The Call for a UC Boycott

A CALL OF CONSCIENCE NOT TO SPEAK AT ANY UNIVERSITY OF CALIFORNIA CAMPUSES UNTIL THE ADMINISTRATION REINSTATES ALL GRADUATE STUDENTS FIRED FOR STRIKE ACTIVITIES.

The case for a boycott is laid out in five points here.

We, the undersigned, will not give guest lectures or provide public speeches, either remotely or in person, at the University of California. We invite all signatories to reflect on other forms of protest and boycott they might employ.

This boycott should be honored until all graduate students fired for participating in the wildcat strike are reinstated and the administration vows that there will be no subsequent retaliation either against individual students or against their respective departments.

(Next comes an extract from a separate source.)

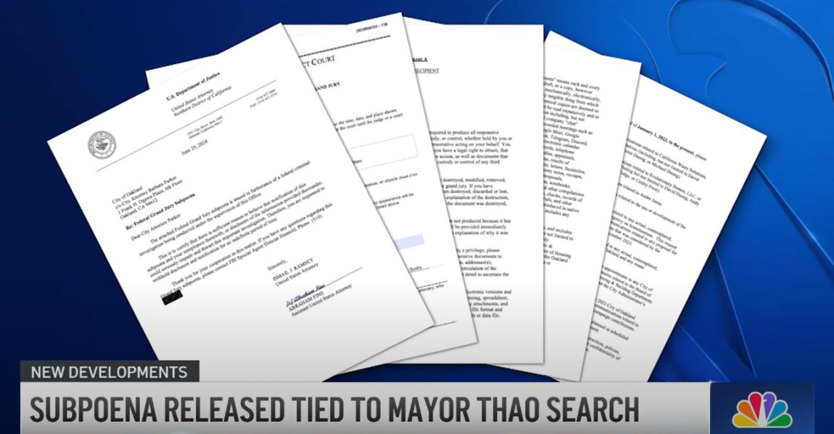 A newly released subpoena is shedding light on an ongoing federal grand jury investigation connected to Oakland Mayor Sheng Thao. The U.S. Attorney’s Office has issued a sweeping subpoena that covers all employees at Oakland City Hall and demands records related to several entities and the 2022 mayoral election.

However, since we strive to support individual academic laborers and to build possibilities for critical thought, exceptions will be made for lectures or visits related to departmental hiring practices.

Here we lay out these exceptions as well as the concrete actions this boycott may entail given the lack of a physical picket due to COVID-19.

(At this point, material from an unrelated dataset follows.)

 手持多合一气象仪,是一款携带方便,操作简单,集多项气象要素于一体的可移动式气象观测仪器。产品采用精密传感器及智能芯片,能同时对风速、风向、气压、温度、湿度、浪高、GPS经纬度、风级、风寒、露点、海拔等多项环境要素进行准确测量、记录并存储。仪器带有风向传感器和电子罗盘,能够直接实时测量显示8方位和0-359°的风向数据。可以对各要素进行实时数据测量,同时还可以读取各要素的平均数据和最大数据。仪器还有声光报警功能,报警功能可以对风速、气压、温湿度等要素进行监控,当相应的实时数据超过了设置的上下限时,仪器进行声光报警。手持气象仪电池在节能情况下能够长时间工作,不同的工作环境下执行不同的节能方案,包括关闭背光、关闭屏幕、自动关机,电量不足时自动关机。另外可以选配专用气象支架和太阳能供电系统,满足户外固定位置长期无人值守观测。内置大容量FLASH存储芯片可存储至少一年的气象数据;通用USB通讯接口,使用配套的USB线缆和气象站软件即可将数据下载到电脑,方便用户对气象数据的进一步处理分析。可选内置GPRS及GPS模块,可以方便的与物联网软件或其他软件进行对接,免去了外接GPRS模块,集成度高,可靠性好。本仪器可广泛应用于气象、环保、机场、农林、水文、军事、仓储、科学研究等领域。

The grading strike began when graduate workers removed their grades from Canvas, thereby withholding grades from the administration (but not from students). Part of the disciplinary process has focused on the obligation of faculty and TAs to use online tools such as Canvas and Zoom in ways mandated by the university. At one point, a “tattle-bot” was integrated onto Canvas so that undergraduate students could report “disruptions” in the curriculum that resulted from the strike directly to the administration. As we enter into an unprecedented time of online teaching, these issues are at the very heart of academic freedom and the struggles that we all face going forward.

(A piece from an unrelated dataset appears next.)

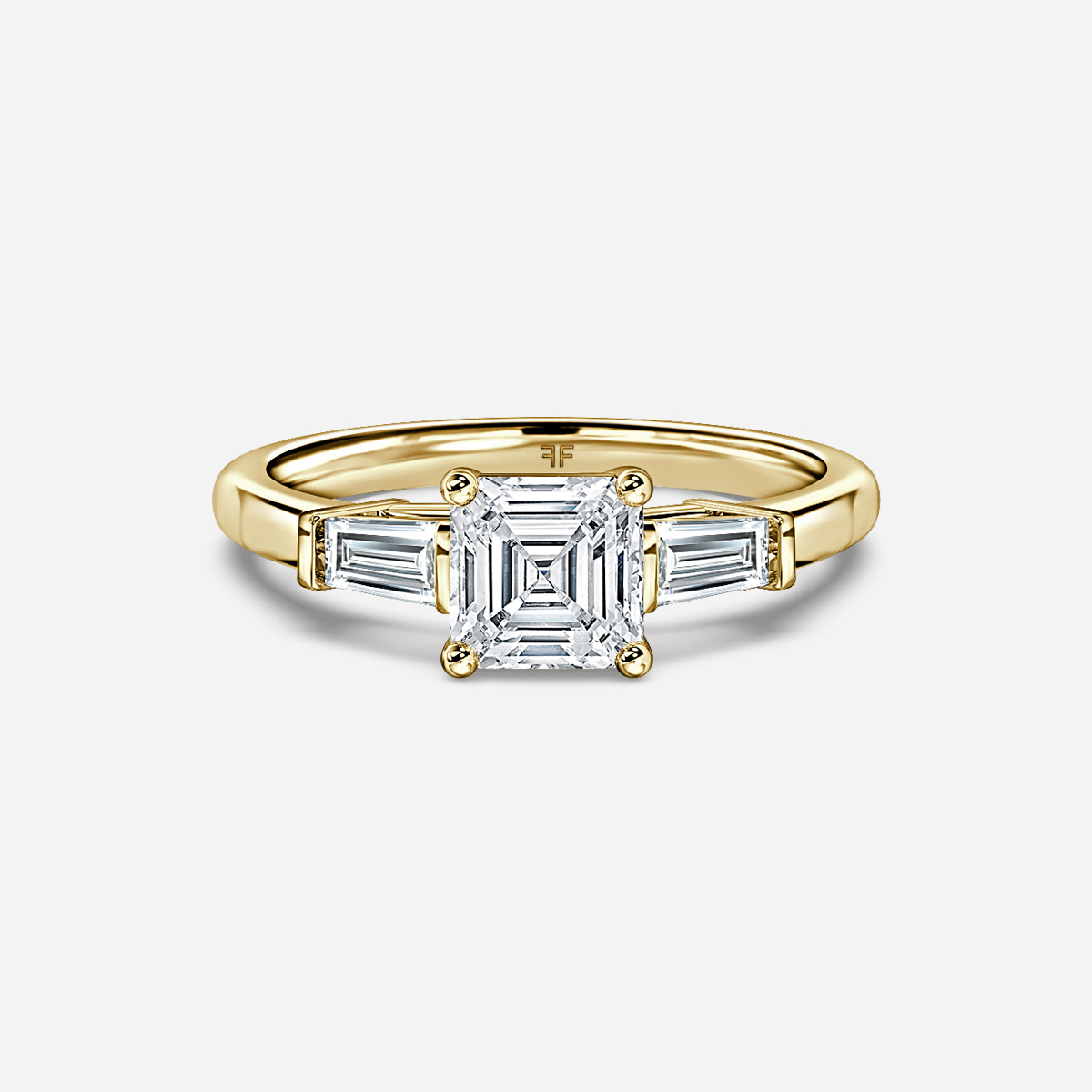 The Leela Yellow Gold Trilogy Engagement Ring features a center diamond flanked by two baguette diamonds on each side, representing the journey of love. Handcrafted in Hatton Gardens, London, this setting-only piece is a timeless choice for an unforgettable proposal, with the center diamond to be selected separately.

On 28 February 2020, a number of graduate students who partook in this wildcat strike were terminated from their spring appointments; the total number of graduate workers fired is around 80. This includes international students and could lead to their deportation, thereby going against the campus’ declared commitment to protecting international students. In addition to losing their appointments and their income, all the fired students will lose their health insurance. In the midst of a global health pandemic, it is unconscionable that these students will be stripped of their health care and/or forced to relocate. 

We therefore call upon our colleagues to join this very targeted academic boycott. We hope that this strategy can serve to rapidly shift the terrain, since the status quo currently favors the administration against student workers striking for their most basic of rights.


CURRENT SIGNATORIES (to sign on to this call, please click fill out this form or email adhoc4cola [at] gmail.com):

See this published Google Doc for the most up-to-date list.

Asma Abbas, Director of Advanced Studies and Associate Professor in Politics and Philosophy, Bard College at Simon’s Rock

Sadia Abbas, Associate Professor of English and Women’s and Gender Studies, Rutgers University

Hosam Aboul-Ela, Associate Professor of English, University of Houston

Nadje Al-Ali, Robert Family Professor of International Studies and Professor of Anthropology and Middle East Studies, Brown University

Anthony Alessandrini, Professor of English & Middle Eastern Studies, Kingsborough Community College-CUNY and the CUNY Graduate Center

Patricia Alessandrini, Assistant Professor, Department of Music and Center for Computer Research in Music and Acoustics (CCRMA), Stanford University

Lori Allen, Reader in Anthropology, SOAS, University of London

Eyal Amiran, Professor of Comparative Literature, University of California-Irvine

Sinan Antoon, Associate Professor, New York University

Talal Asad, Distinguished Professor of Anthropology and Middle Eastern Studies, CUNY Graduate Center

Cristina Bacchilega, Professor of English & Graduate Director, University of Hawai’i

Toby Beauchamp, Associate Professor of Gender and Women’s Studies, University of Illinois, Urbana-Champaign.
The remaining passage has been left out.